- **WHAT NEEDS TO BE DONE**:
Output the data in full. Keep every entry exactly as written.

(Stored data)
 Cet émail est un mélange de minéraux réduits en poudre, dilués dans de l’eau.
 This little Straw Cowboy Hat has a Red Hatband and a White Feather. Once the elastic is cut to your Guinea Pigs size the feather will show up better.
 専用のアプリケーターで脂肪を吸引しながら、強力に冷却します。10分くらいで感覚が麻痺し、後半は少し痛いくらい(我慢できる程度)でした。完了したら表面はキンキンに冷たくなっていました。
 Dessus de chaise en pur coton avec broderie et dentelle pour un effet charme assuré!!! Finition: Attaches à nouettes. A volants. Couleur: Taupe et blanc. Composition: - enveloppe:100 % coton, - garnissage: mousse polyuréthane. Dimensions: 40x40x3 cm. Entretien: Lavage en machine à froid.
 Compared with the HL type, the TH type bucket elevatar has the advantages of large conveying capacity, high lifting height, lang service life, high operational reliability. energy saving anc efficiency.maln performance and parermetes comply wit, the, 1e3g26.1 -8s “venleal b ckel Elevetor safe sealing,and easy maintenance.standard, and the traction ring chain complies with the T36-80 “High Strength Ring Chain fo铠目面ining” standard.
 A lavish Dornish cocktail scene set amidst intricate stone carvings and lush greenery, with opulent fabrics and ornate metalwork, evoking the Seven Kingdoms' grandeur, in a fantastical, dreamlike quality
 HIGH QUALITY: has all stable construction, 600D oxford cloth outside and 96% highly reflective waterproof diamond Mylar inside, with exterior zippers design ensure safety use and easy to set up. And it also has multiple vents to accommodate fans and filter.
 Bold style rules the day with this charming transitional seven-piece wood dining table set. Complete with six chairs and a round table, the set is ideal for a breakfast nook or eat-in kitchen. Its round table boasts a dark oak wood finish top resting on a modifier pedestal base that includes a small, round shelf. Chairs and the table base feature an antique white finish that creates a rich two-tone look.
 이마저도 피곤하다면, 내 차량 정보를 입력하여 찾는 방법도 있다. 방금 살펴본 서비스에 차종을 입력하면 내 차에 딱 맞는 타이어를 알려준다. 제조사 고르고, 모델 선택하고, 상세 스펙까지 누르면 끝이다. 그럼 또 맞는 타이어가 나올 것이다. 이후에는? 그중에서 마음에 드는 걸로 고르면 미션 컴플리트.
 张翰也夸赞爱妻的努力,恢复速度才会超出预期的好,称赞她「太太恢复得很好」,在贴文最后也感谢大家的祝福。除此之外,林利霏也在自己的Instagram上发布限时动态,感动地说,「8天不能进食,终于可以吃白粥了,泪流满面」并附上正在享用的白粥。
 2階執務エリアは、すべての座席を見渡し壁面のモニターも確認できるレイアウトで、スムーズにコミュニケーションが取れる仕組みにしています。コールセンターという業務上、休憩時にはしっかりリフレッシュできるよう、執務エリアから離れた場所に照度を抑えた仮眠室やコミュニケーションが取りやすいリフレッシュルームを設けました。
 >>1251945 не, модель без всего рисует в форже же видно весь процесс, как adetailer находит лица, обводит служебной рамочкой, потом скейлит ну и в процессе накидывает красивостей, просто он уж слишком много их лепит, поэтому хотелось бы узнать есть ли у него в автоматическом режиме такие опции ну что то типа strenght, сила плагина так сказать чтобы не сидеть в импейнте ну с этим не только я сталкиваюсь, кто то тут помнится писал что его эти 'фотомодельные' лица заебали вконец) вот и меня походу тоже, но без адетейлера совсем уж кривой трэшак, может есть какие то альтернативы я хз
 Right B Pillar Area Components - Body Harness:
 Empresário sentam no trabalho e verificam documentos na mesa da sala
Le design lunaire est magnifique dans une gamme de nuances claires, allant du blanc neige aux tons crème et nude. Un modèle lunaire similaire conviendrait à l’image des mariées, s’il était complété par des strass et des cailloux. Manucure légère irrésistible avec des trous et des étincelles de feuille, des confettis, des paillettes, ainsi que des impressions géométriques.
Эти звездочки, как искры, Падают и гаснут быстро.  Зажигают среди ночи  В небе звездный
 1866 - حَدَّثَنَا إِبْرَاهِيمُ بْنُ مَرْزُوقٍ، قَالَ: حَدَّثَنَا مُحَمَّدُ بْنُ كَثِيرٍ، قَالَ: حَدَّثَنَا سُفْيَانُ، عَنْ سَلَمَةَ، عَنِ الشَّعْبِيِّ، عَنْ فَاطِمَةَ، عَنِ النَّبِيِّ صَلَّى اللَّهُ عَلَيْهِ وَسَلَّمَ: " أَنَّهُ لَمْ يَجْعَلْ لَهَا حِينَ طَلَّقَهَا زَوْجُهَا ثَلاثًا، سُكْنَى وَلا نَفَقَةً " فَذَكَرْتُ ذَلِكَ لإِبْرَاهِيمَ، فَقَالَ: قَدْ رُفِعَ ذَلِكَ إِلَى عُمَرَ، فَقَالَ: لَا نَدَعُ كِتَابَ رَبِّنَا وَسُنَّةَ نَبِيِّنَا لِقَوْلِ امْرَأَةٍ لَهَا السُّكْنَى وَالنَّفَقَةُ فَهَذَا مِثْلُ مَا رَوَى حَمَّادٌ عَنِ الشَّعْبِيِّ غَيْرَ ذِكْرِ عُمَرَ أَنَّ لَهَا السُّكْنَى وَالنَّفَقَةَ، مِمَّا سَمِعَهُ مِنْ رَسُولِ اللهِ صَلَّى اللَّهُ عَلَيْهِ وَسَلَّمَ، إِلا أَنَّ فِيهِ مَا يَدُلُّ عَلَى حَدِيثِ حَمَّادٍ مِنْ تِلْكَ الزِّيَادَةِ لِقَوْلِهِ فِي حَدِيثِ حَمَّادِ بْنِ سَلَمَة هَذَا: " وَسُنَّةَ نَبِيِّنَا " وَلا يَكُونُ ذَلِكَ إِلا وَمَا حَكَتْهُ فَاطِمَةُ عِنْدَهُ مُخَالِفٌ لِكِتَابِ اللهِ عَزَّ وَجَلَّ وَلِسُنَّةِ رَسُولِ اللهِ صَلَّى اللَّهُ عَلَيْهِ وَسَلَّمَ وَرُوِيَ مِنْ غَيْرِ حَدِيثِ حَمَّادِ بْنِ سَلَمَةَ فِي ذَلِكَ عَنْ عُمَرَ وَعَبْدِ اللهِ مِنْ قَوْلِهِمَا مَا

- **RESPONSE AREA**:
 Cet émail est un mélange de minéraux réduits en poudre, dilués dans de l’eau.
 This little Straw Cowboy Hat has a Red Hatband and a White Feather. Once the elastic is cut to your Guinea Pigs size the feather will show up better.
 専用のアプリケーターで脂肪を吸引しながら、強力に冷却します。10分くらいで感覚が麻痺し、後半は少し痛いくらい(我慢できる程度)でした。完了したら表面はキンキンに冷たくなっていました。
 Dessus de chaise en pur coton avec broderie et dentelle pour un effet charme assuré!!! Finition: Attaches à nouettes. A volants. Couleur: Taupe et blanc. Composition: - enveloppe:100 % coton, - garnissage: mousse polyuréthane. Dimensions: 40x40x3 cm. Entretien: Lavage en machine à froid.
 Compared with the HL type, the TH type bucket elevatar has the advantages of large conveying capacity, high lifting height, lang service life, high operational reliability. energy saving anc efficiency.maln performance and parermetes comply wit, the, 1e3g26.1 -8s “venleal b ckel Elevetor safe sealing,and easy maintenance.standard, and the traction ring chain complies with the T36-80 “High Strength Ring Chain fo铠目面ining” standard.
 A lavish Dornish cocktail scene set amidst intricate stone carvings and lush greenery, with opulent fabrics and ornate metalwork, evoking the Seven Kingdoms' grandeur, in a fantastical, dreamlike quality
 HIGH QUALITY: has all stable construction, 600D oxford cloth outside and 96% highly reflective waterproof diamond Mylar inside, with exterior zippers design ensure safety use and easy to set up. And it also has multiple vents to accommodate fans and filter.
 Bold style rules the day with this charming transitional seven-piece wood dining table set. Complete with six chairs and a round table, the set is ideal for a breakfast nook or eat-in kitchen. Its round table boasts a dark oak wood finish top resting on a modifier pedestal base that includes a small, round shelf. Chairs and the table base feature an antique white finish that creates a rich two-tone look.
 이마저도 피곤하다면, 내 차량 정보를 입력하여 찾는 방법도 있다. 방금 살펴본 서비스에 차종을 입력하면 내 차에 딱 맞는 타이어를 알려준다. 제조사 고르고, 모델 선택하고, 상세 스펙까지 누르면 끝이다. 그럼 또 맞는 타이어가 나올 것이다. 이후에는? 그중에서 마음에 드는 걸로 고르면 미션 컴플리트.
 张翰也夸赞爱妻的努力,恢复速度才会超出预期的好,称赞她「太太恢复得很好」,在贴文最后也感谢大家的祝福。除此之外,林利霏也在自己的Instagram上发布限时动态,感动地说,「8天不能进食,终于可以吃白粥了,泪流满面」并附上正在享用的白粥。
 2階執務エリアは、すべての座席を見渡し壁面のモニターも確認できるレイアウトで、スムーズにコミュニケーションが取れる仕組みにしています。コールセンターという業務上、休憩時にはしっかりリフレッシュできるよう、執務エリアから離れた場所に照度を抑えた仮眠室やコミュニケーションが取りやすいリフレッシュルームを設けました。
 >>1251945 не, модель без всего рисует в форже же видно весь процесс, как adetailer находит лица, обводит служебной рамочкой, потом скейлит ну и в процессе накидывает красивостей, просто он уж слишком много их лепит, поэтому хотелось бы узнать есть ли у него в автоматическом режиме такие опции ну что то типа strenght, сила плагина так сказать чтобы не сидеть в импейнте ну с этим не только я сталкиваюсь, кто то тут помнится писал что его эти 'фотомодельные' лица заебали вконец) вот и меня походу тоже, но без адетейлера совсем уж кривой трэшак, может есть какие то альтернативы я хз
 Right B Pillar Area Components - Body Harness:
 Empresário sentam no trabalho e verificam documentos na mesa da sala
Le design lunaire est magnifique dans une gamme de nuances claires, allant du blanc neige aux tons crème et nude. Un modèle lunaire similaire conviendrait à l’image des mariées, s’il était complété par des strass et des cailloux. Manucure légère irrésistible avec des trous et des étincelles de feuille, des confettis, des paillettes, ainsi que des impressions géométriques.
Эти звездочки, как искры, Падают и гаснут быстро.  Зажигают среди ночи  В небе звездный
 1866 - حَدَّثَنَا إِبْرَاهِيمُ بْنُ مَرْزُوقٍ، قَالَ: حَدَّثَنَا مُحَمَّدُ بْنُ كَثِيرٍ، قَالَ: حَدَّثَنَا سُفْيَانُ، عَنْ سَلَمَةَ، عَنِ الشَّعْبِيِّ، عَنْ فَاطِمَةَ، عَنِ النَّبِيِّ صَلَّى اللَّهُ عَلَيْهِ وَسَلَّمَ: " أَنَّهُ لَمْ يَجْعَلْ لَهَا حِينَ طَلَّقَهَا زَوْجُهَا ثَلاثًا، سُكْنَى وَلا نَفَقَةً " فَذَكَرْتُ ذَلِكَ لإِبْرَاهِيمَ، فَقَالَ: قَدْ رُفِعَ ذَلِكَ إِلَى عُمَرَ، فَقَالَ: لَا نَدَعُ كِتَابَ رَبِّنَا وَسُنَّةَ نَبِيِّنَا لِقَوْلِ امْرَأَةٍ لَهَا السُّكْنَى وَالنَّفَقَةُ فَهَذَا مِثْلُ مَا رَوَى حَمَّادٌ عَنِ الشَّعْبِيِّ غَيْرَ ذِكْرِ عُمَرَ أَنَّ لَهَا السُّكْنَى وَالنَّفَقَةَ، مِمَّا سَمِعَهُ مِنْ رَسُولِ اللهِ صَلَّى اللَّهُ عَلَيْهِ وَسَلَّمَ، إِلا أَنَّ فِيهِ مَا يَدُلُّ عَلَى حَدِيثِ حَمَّادٍ مِنْ تِلْكَ الزِّيَادَةِ لِقَوْلِهِ فِي حَدِيثِ حَمَّادِ بْنِ سَلَمَة هَذَا: " وَسُنَّةَ نَبِيِّنَا " وَلا يَكُونُ ذَلِكَ إِلا وَمَا حَكَتْهُ فَاطِمَةُ عِنْدَهُ مُخَالِفٌ لِكِتَابِ اللهِ عَزَّ وَجَلَّ وَلِسُنَّةِ رَسُولِ اللهِ صَلَّى اللَّهُ عَلَيْهِ وَسَلَّمَ وَرُوِيَ مِنْ غَيْرِ حَدِيثِ حَمَّادِ بْنِ سَلَمَةَ فِي ذَلِكَ عَنْ عُمَرَ وَعَبْدِ اللهِ مِنْ قَوْلِهِمَا مَا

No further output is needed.